### Task goal
Every line from the top of the records through the one bearing "A young Black" is to be reproduced exactly, and pictures are to be left out.

(Stored data entries)
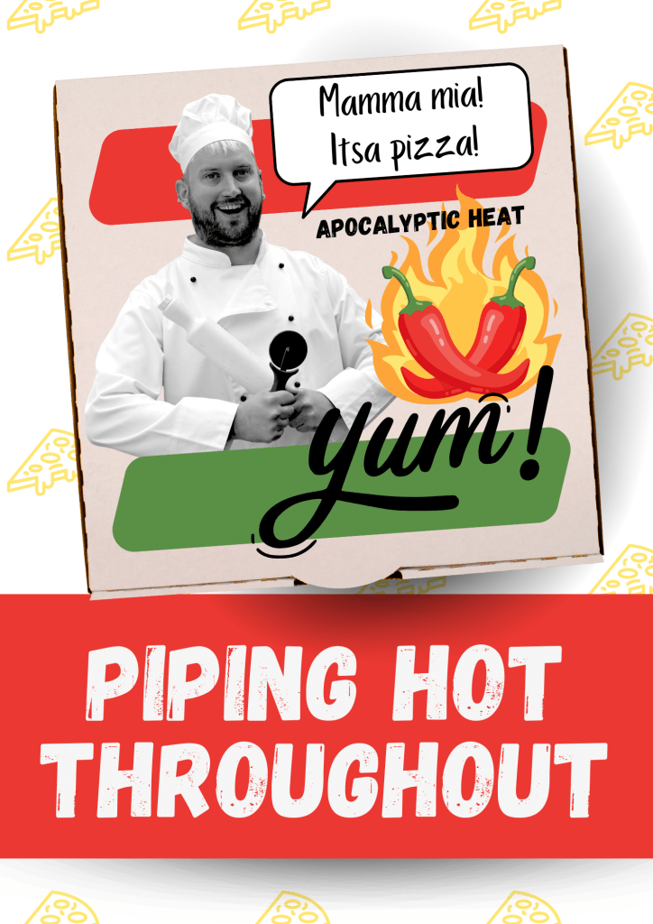 Poster design for comedy film, Piping Hot Throughout. The concept was to deliberately misrepresent the film: imply that it’s an upbeat story about a chef, when it’s absolutely not!
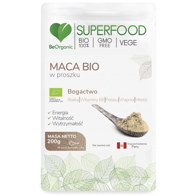 Maca bio BeOrganic to propozycja dla osób, które chcą wprowadzić do swojej diety składnik o tradycyjnym pochodzeniu, w formie czystego, ekologicznego proszku, bez kompromisów w składzie.
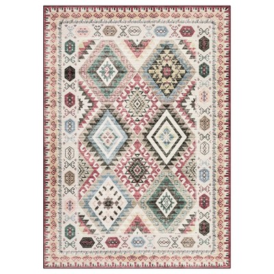 Area Rugs for Living Room Bedroom Kitchen Boho Vintage Area Rug Low Pile Non Slip Floral Carpet
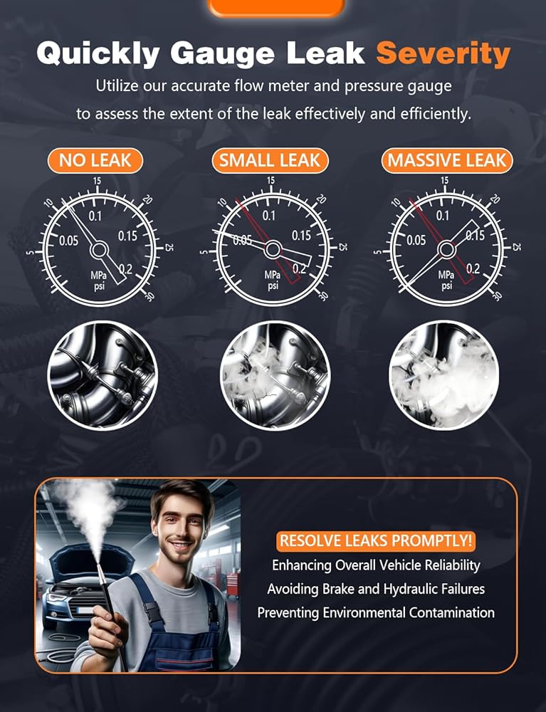 💰[مقياس ضغط دقيق] يتيح لك Powerscale M2 المجهز بمقياس ضغط مراقبة تغيرات الضغط وتحديد موقع التسربات البسيطة بسهولة. مع مضخة هواء مدمجة ومولد دخان، فهو خيار مثالي لصيانة المركبات دون الاعتماد على مضخات هواء إضافية.
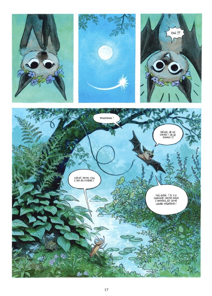 On pourrait prendre Au chant des grenouilles pour de la BD pour enfants lue par les adultes. Ça peut. Mais ça doit surtout être découvert par les plus jeunes qui pourront ainsi être envoutés comme on l’a été avant eux, à l’époque où il n’y avait pas d’écrans à gogo. Ils comprendront ainsi ce qu’est une bande dessinée aussi belle que bien.
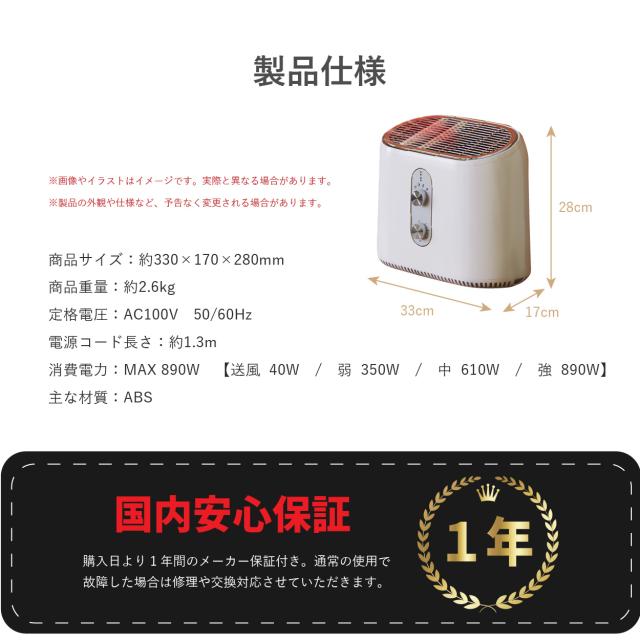 消費電力:MAX 890W 【送風 40W / 弱 350W / 中 610W / 強 890W】
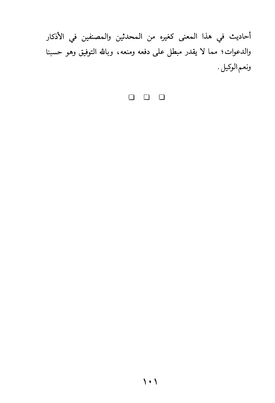 أحاديث في هذا المعنى كغيره من المحدثين والمصنفين في الأذكار والدعوات؛ مما لا يقدر مبطل على دفعه ومنعه، وبالله التوفيق وهو حسبنا ونعم الوكيل.
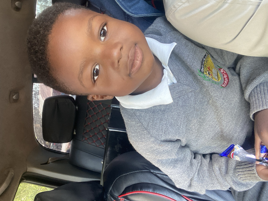 A young Black child, likely male, with short dark hair and dark eyes, is seated in the back of a vehicle
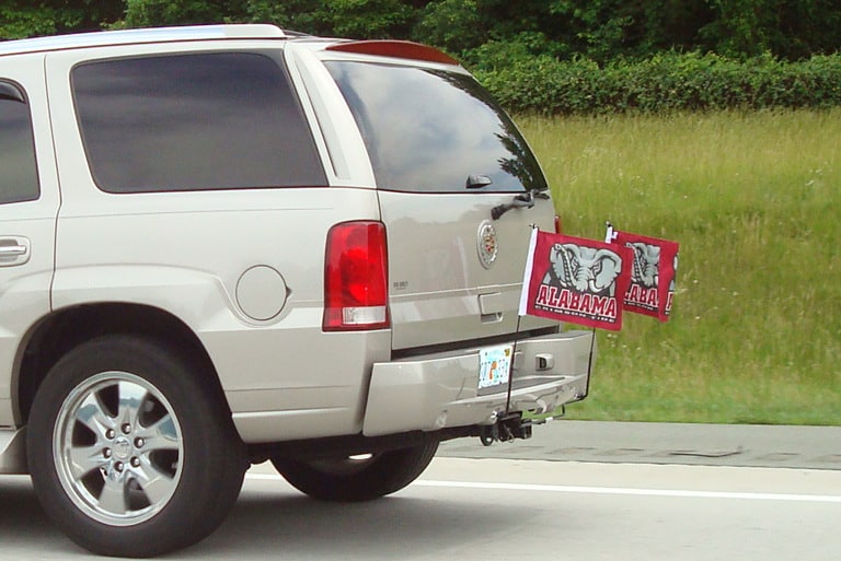 The 2″ and 1-1/4″ Hitch FanEFlag Holder System is regularly $49.99 but they are currently running a 2010 football season special. The system is reduced to $39.96. Flags of your favorite team are sold separately but most flags cost $6.99 each. The different team flags available are too numerous to mention here but you can assume that most college and NFL teams are available.
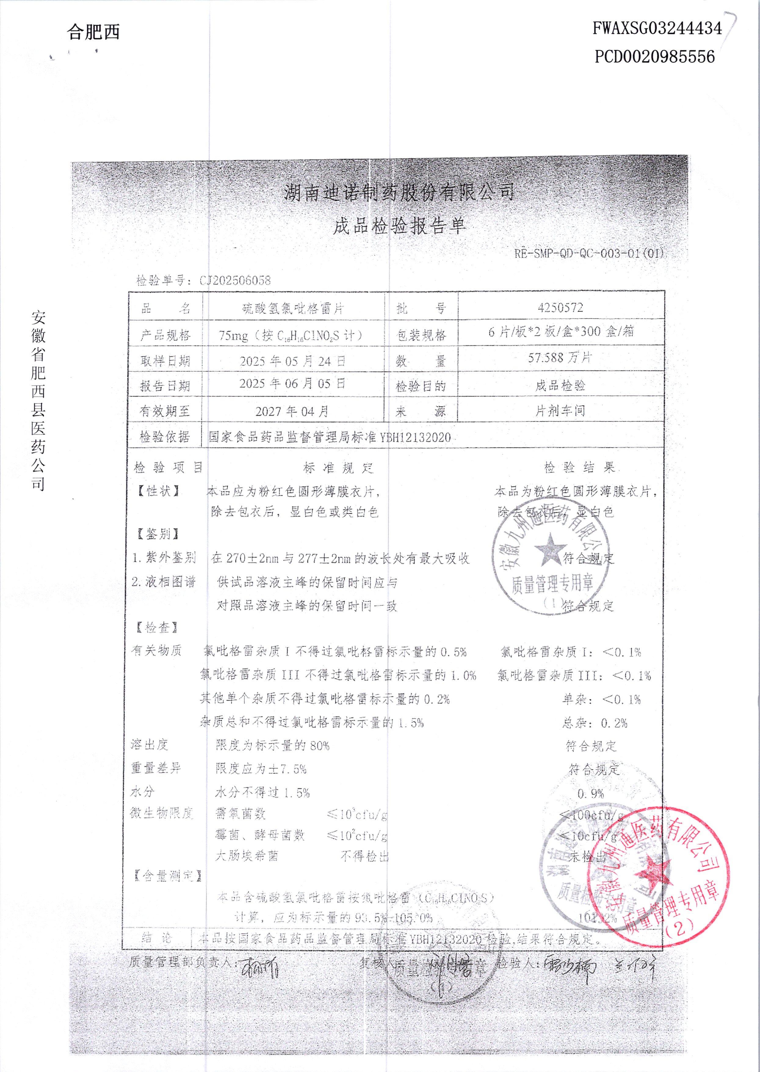名稱 規(guī)格 批號 藥檢報告

### Your solution
 Poster design for comedy film, Piping Hot Throughout. The concept was to deliberately misrepresent the film: imply that it’s an upbeat story about a chef, when it’s absolutely not!
 Maca bio BeOrganic to propozycja dla osób, które chcą wprowadzić do swojej diety składnik o tradycyjnym pochodzeniu, w formie czystego, ekologicznego proszku, bez kompromisów w składzie.
 Area Rugs for Living Room Bedroom Kitchen Boho Vintage Area Rug Low Pile Non Slip Floral Carpet
 💰[مقياس ضغط دقيق] يتيح لك Powerscale M2 المجهز بمقياس ضغط مراقبة تغيرات الضغط وتحديد موقع التسربات البسيطة بسهولة. مع مضخة هواء مدمجة ومولد دخان، فهو خيار مثالي لصيانة المركبات دون الاعتماد على مضخات هواء إضافية.
 On pourrait prendre Au chant des grenouilles pour de la BD pour enfants lue par les adultes. Ça peut. Mais ça doit surtout être découvert par les plus jeunes qui pourront ainsi être envoutés comme on l’a été avant eux, à l’époque où il n’y avait pas d’écrans à gogo. Ils comprendront ainsi ce qu’est une bande dessinée aussi belle que bien.
 消費電力:MAX 890W 【送風 40W / 弱 350W / 中 610W / 強 890W】
 أحاديث في هذا المعنى كغيره من المحدثين والمصنفين في الأذكار والدعوات؛ مما لا يقدر مبطل على دفعه ومنعه، وبالله التوفيق وهو حسبنا ونعم الوكيل.
 A young Black child, likely male, with short dark hair and dark eyes, is seated in the back of a vehicle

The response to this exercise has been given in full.